I’m sympathetic to this response because I’m a little suspicious of the cleaning alone being a thing worthy of separating over. If outside help is possible, then this could be a practical issue that could be fixable. I’ve stayed in a relationship with some really frustrating problems because they were ultimately practical issues, not an issue with the person (see: very different sleep patterns – we finally got separate bedrooms).
But I’m struck by the LW saying that there were totally happy in love before coming back from the trip – I feel like the underlying problems around the partner’s inability to handle conflict, and the LW feeling like they’re trapped in this relationship are the more challenging issues here, because those can only be fixed through emotional work on both partners’ parts.
This is exactly what my partner and I do! I have severe ADHD and I frequently just don’t notice things that drive her completely bonkers so we have someone come twice a month and it’s pretty critical to our relationship’s stability and sanity.
I agree that this is a serious issue and very reasonable grounds for separation. If the cleaning conversation results in crying every time it seems like it might not be different cleaning standards but different cleaning ~abilities~. That doesn’t mean the fiance is off the hook for being proactive and taking responsibility for her current limitations! And of course this might actually be a symptom of a totally different individual or relationship problem (in which case the responsibility to be honest with yourself and your partner remains!). And yes, LW, you gotta talk to her! It’s up to you if you want to frame it in a “we need to figure out how to get through this together, which means first getting to the bottom of what’s going on.” Or if you are feeling “I’m at the end of my rope and it’s breaking my heart.” Couples counseling does sound like a good option for discussing this now fraught topic in a caring and revealing way.

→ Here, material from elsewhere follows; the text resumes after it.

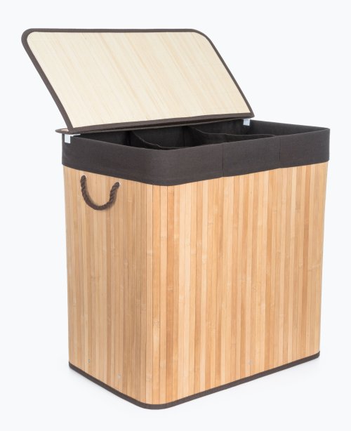 Kam se špinavým prádlem? Do lehkého a zároveň pevného a stabilního, nenápadného a přitom designově zajímavého bambusového prádelního koše. Třídílný koš s pratelnou vnitřní vložkou a praktickými uchy pro snadné přenášení sluší každému interiéru.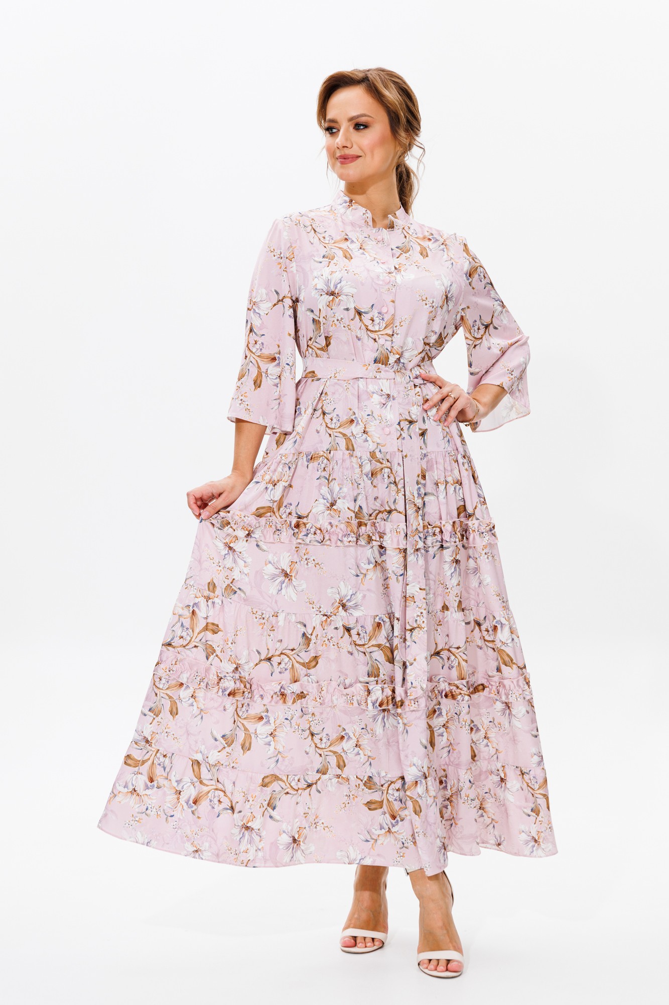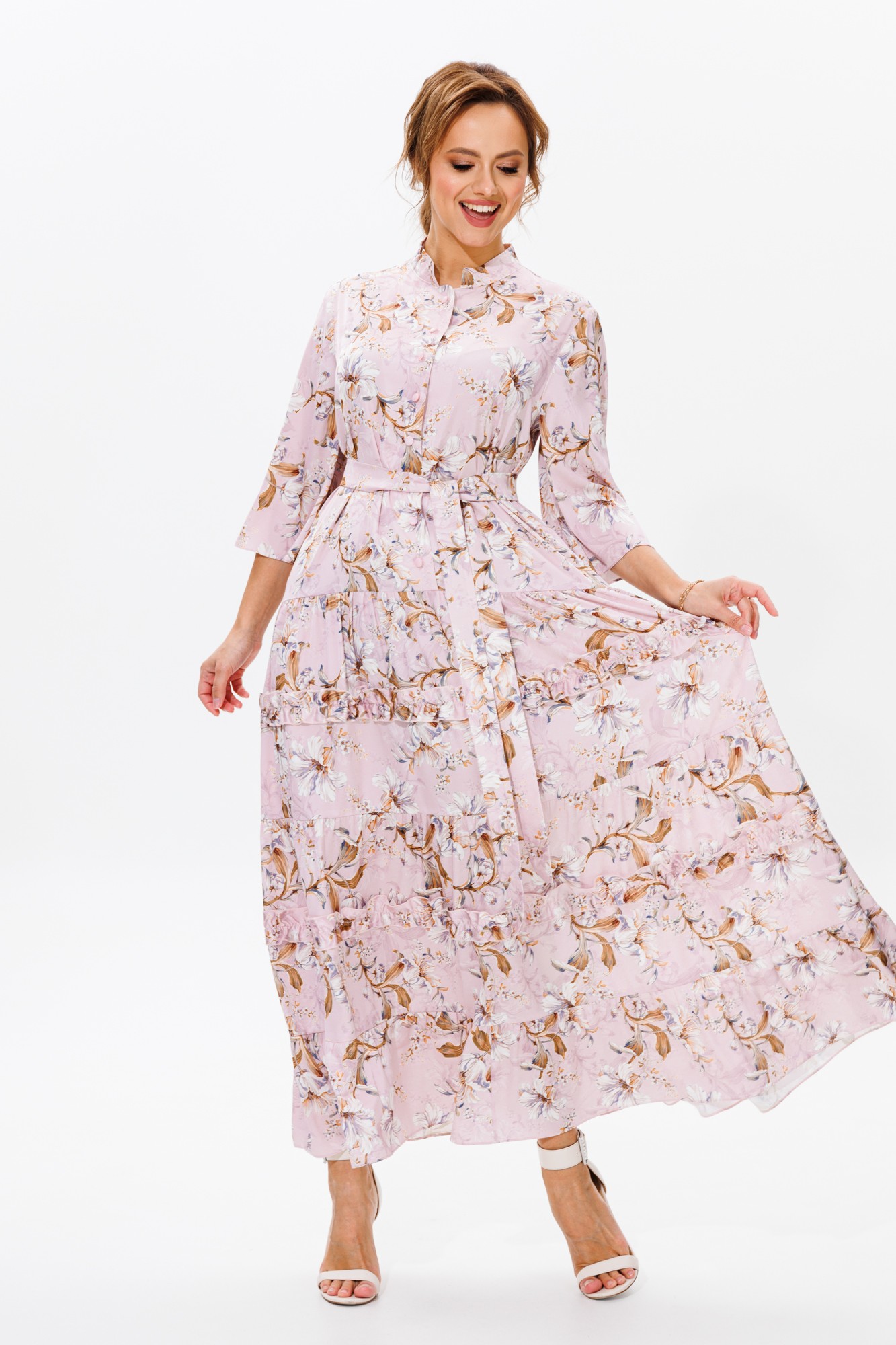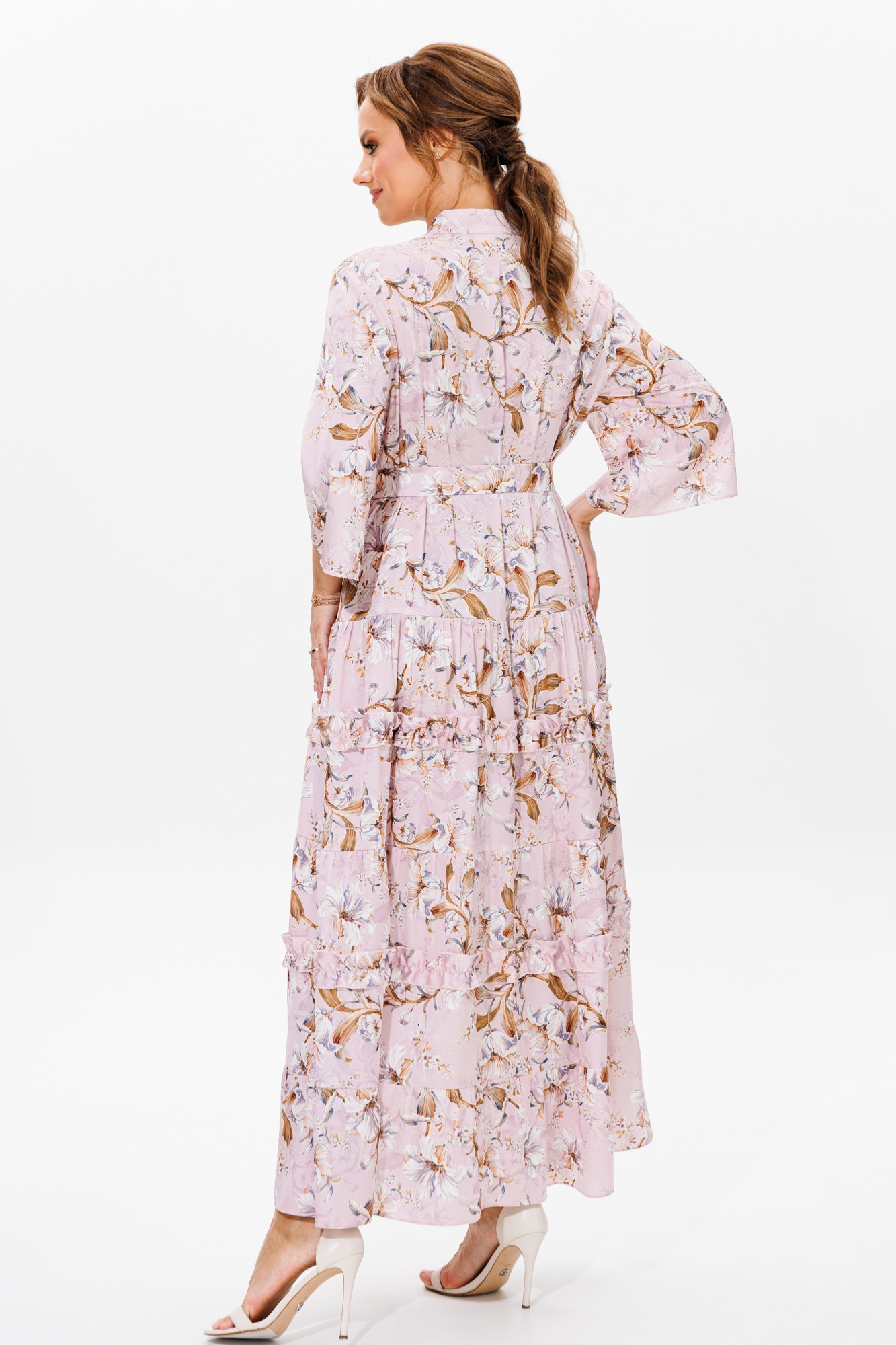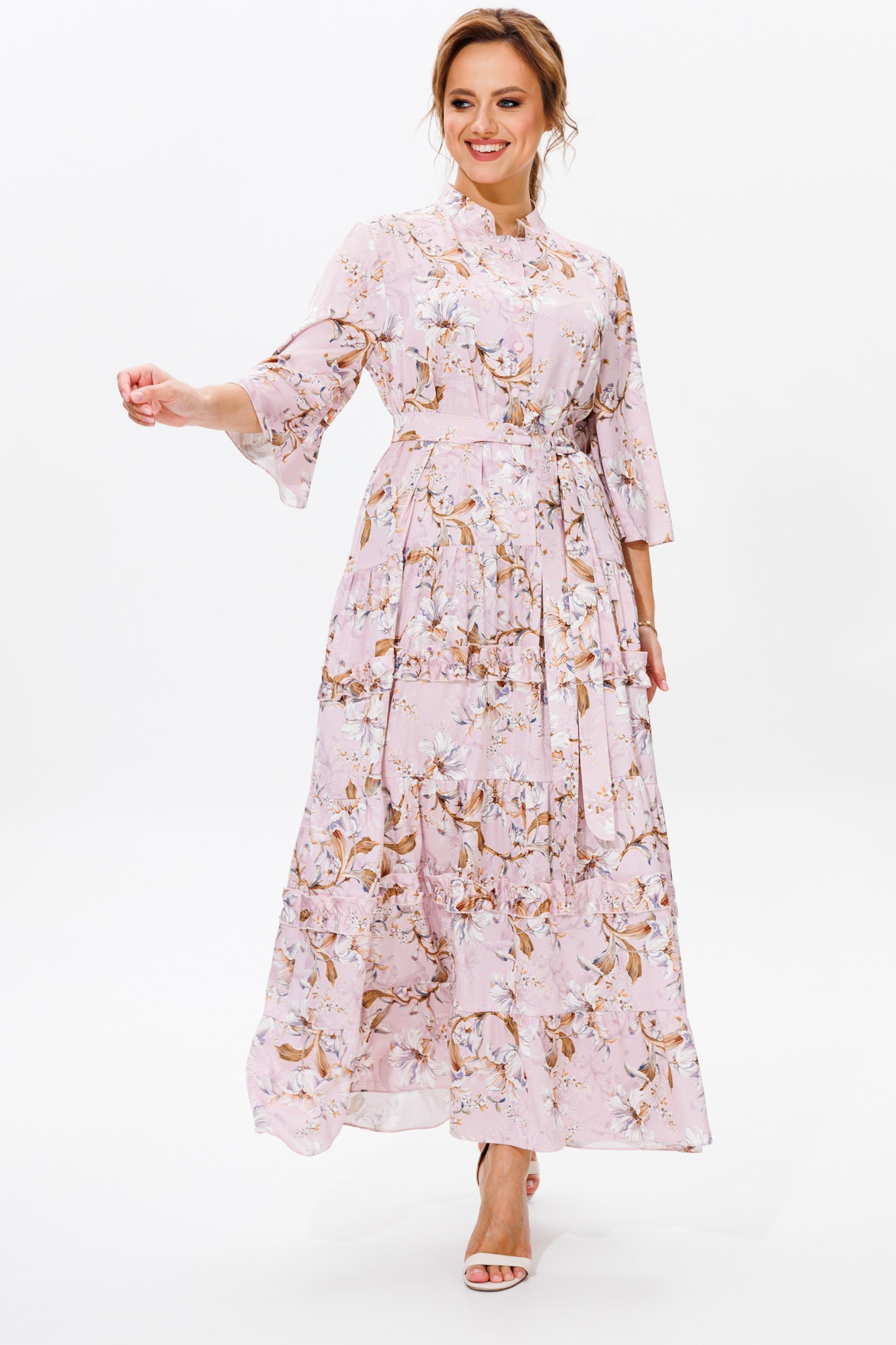 Нарядное женское платье, выполнено из лёгкого струящегося атласа (тянется). Платье отрезное ниже линии талии. Верхняя часть переда с центральной застежкой на петли и пуговицы. Горловина оформлена стойкой. Нижняя часть платья А-образного силуэта, состоящая из трех воланов, декорированных рюшами из основной ткани. Рукава втачные одношовные, расширенные к низу.

I have a lot of questions after reading the letter. My default question is whether there is a neurodivergence/mental health challenge that is part of the partner’s messiness. That wouldn’t mean it’s impossible to change, but it definitely affects what kinda of changes are likely to actually be doable/stick. If, for example (which I acknowledge is potentially projection) the partner is depressed and the messiness is a sign of a depressive episode then she may be continually beating herself up about the mess or may have given up, but either way treating the depression is a necessary first step.

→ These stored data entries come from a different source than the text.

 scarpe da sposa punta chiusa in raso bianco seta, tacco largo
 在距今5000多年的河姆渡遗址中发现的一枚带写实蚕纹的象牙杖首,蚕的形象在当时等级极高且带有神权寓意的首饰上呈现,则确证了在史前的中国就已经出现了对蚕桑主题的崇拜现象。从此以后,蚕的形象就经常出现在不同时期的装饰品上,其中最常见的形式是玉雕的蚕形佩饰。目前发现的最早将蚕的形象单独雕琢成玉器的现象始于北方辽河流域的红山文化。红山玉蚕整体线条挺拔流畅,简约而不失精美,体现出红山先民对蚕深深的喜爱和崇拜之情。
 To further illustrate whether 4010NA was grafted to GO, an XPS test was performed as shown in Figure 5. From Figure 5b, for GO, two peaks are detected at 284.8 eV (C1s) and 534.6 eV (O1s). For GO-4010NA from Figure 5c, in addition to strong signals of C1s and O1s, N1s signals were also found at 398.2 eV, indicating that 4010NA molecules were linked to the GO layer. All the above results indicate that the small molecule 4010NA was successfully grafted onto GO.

A related question I have is what the partner’s family’s cleaning standards are/were when she was growing up. Is it a situation where what the letter writer sees as awfully dirty was normal growing up? On the flip side, does the partner have stress/embarrassment/trauma from family responses to not meeting standards?
I guess, given the crying (and assuming it doesn’t happen for all conversations) I wonder if splitting up the conversation into first talking about the partner’s feeling/experiences related to cleaning and having a later, separate talk about practical next steps might help.
I won’t repeat any of the good advice that has already been given, but one other resource I would recommend to you and your partner is the book How to Keep House While Drowning: A Gentle Approach to Cleaning and Organizing by KC Davis. It’s very short and written in a neurodivergent friendly way. The author gets in to a lot of stuff about how to shift thinking around cleaning, how to explore different levels/standards of cleaning, and how to do the bare minimum when you’re really struggling. I found it to be super non-judgmental and it may be a helpful starting point for shared language in having what is clearly a difficult conversation. Best of luck!